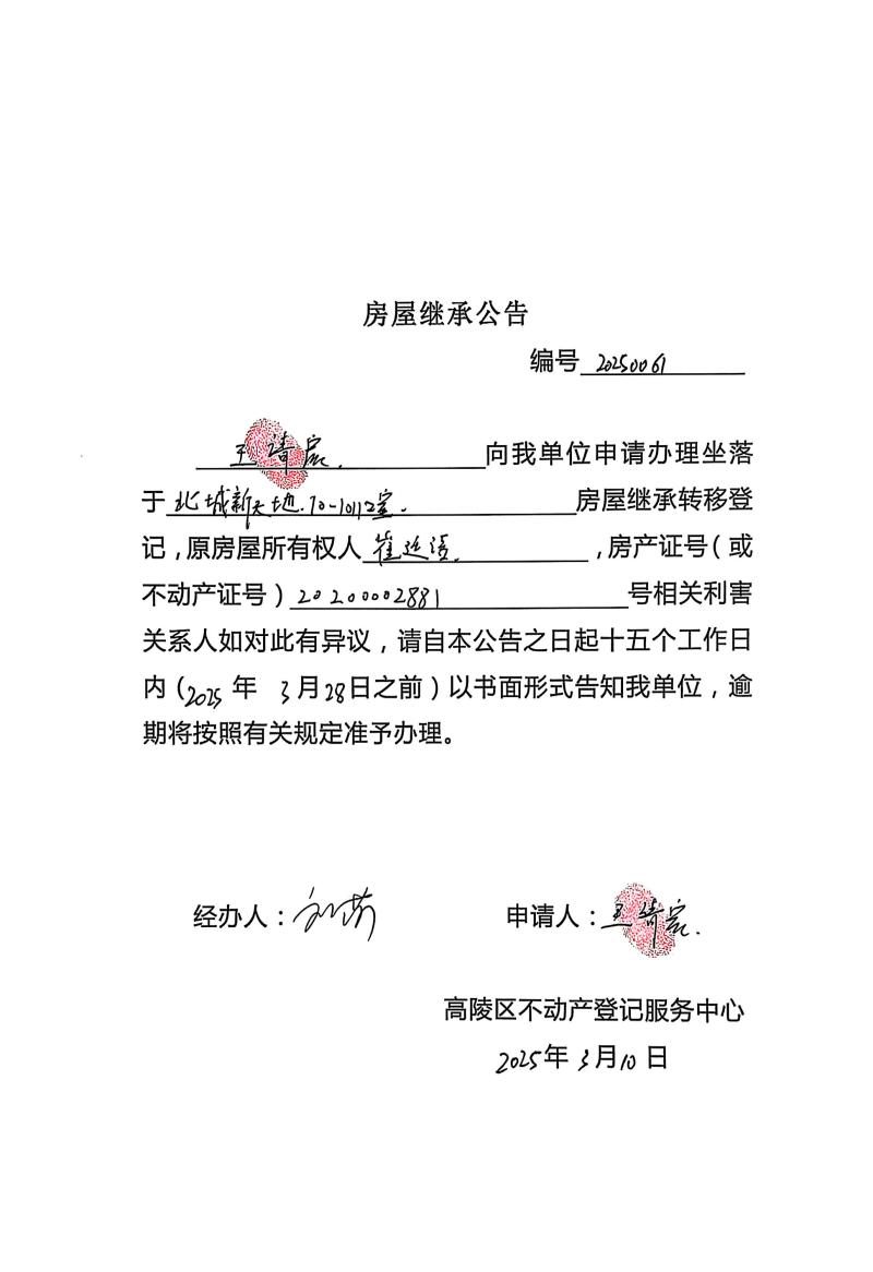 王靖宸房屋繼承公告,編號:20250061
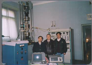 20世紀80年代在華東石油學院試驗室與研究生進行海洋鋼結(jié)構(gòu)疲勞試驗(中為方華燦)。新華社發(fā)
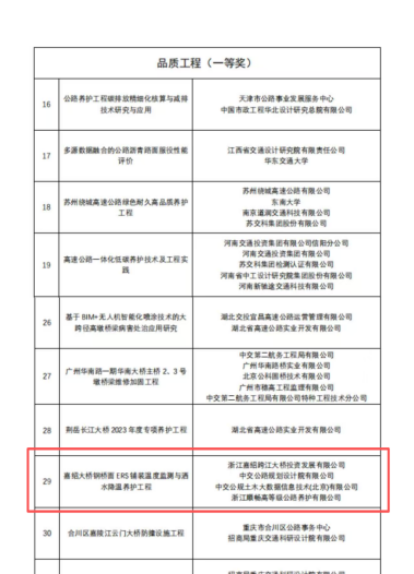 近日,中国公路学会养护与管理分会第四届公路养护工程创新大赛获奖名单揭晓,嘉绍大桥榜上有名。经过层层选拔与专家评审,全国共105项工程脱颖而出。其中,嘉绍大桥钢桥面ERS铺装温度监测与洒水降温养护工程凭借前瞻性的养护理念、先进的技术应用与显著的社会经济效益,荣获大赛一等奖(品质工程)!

◆ ◆ ◆ ◆ ◆ ◆ ◆

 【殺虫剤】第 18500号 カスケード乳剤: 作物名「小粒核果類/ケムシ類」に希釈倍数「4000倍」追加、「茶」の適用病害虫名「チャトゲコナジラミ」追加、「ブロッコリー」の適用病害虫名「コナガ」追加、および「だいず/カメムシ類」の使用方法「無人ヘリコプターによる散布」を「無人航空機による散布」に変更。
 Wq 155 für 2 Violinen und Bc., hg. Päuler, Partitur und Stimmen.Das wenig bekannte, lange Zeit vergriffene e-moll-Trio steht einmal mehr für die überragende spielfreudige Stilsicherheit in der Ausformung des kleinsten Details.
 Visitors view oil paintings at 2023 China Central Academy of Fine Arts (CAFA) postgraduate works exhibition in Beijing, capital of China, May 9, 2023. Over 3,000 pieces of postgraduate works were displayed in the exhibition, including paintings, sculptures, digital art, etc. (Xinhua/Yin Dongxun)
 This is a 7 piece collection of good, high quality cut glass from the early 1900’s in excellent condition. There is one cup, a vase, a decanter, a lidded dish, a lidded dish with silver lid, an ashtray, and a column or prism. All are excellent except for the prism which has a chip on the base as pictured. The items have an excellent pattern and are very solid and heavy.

◆ ◆ ◆ ◆ ◆ ◆ ◆

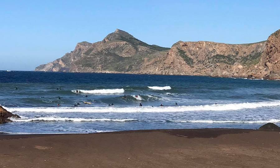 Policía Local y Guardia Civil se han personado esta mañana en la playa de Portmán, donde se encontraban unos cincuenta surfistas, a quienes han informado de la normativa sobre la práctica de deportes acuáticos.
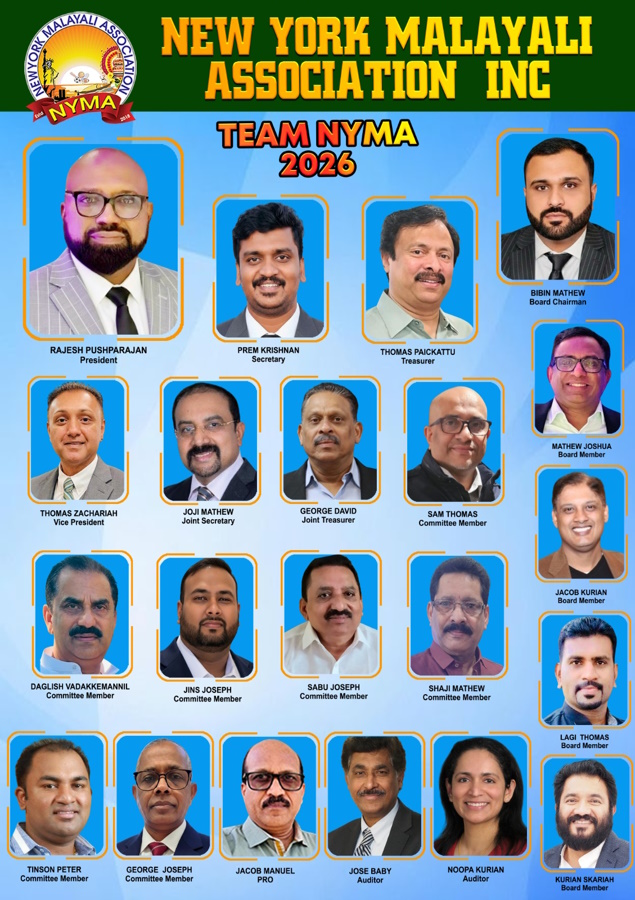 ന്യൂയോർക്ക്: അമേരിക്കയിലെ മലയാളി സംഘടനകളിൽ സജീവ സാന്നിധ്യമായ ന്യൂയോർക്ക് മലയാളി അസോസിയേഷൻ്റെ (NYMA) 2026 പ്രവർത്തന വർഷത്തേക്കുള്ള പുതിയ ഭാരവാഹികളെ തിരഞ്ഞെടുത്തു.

◆ ◆ ◆ ◆ ◆ ◆ ◆

**WHAT THE EXERCISE ASKS**
Word for word, retype the lines in the entries above that run from the one with "王靖宸房屋繼承公告,編號:20250061" through the one with "近日,中国公路学会养护与管理". Both ends count; pictures do not.

**RESULT BELOW**
 王靖宸房屋繼承公告,編號:20250061
 20世紀80年代在華東石油學院試驗室與研究生進行海洋鋼結(jié)構(gòu)疲勞試驗(中為方華燦)。新華社發(fā)
 近日,中国公路学会养护与管理分会第四届公路养护工程创新大赛获奖名单揭晓,嘉绍大桥榜上有名。经过层层选拔与专家评审,全国共105项工程脱颖而出。其中,嘉绍大桥钢桥面ERS铺装温度监测与洒水降温养护工程凭借前瞻性的养护理念、先进的技术应用与显著的社会经济效益,荣获大赛一等奖(品质工程)!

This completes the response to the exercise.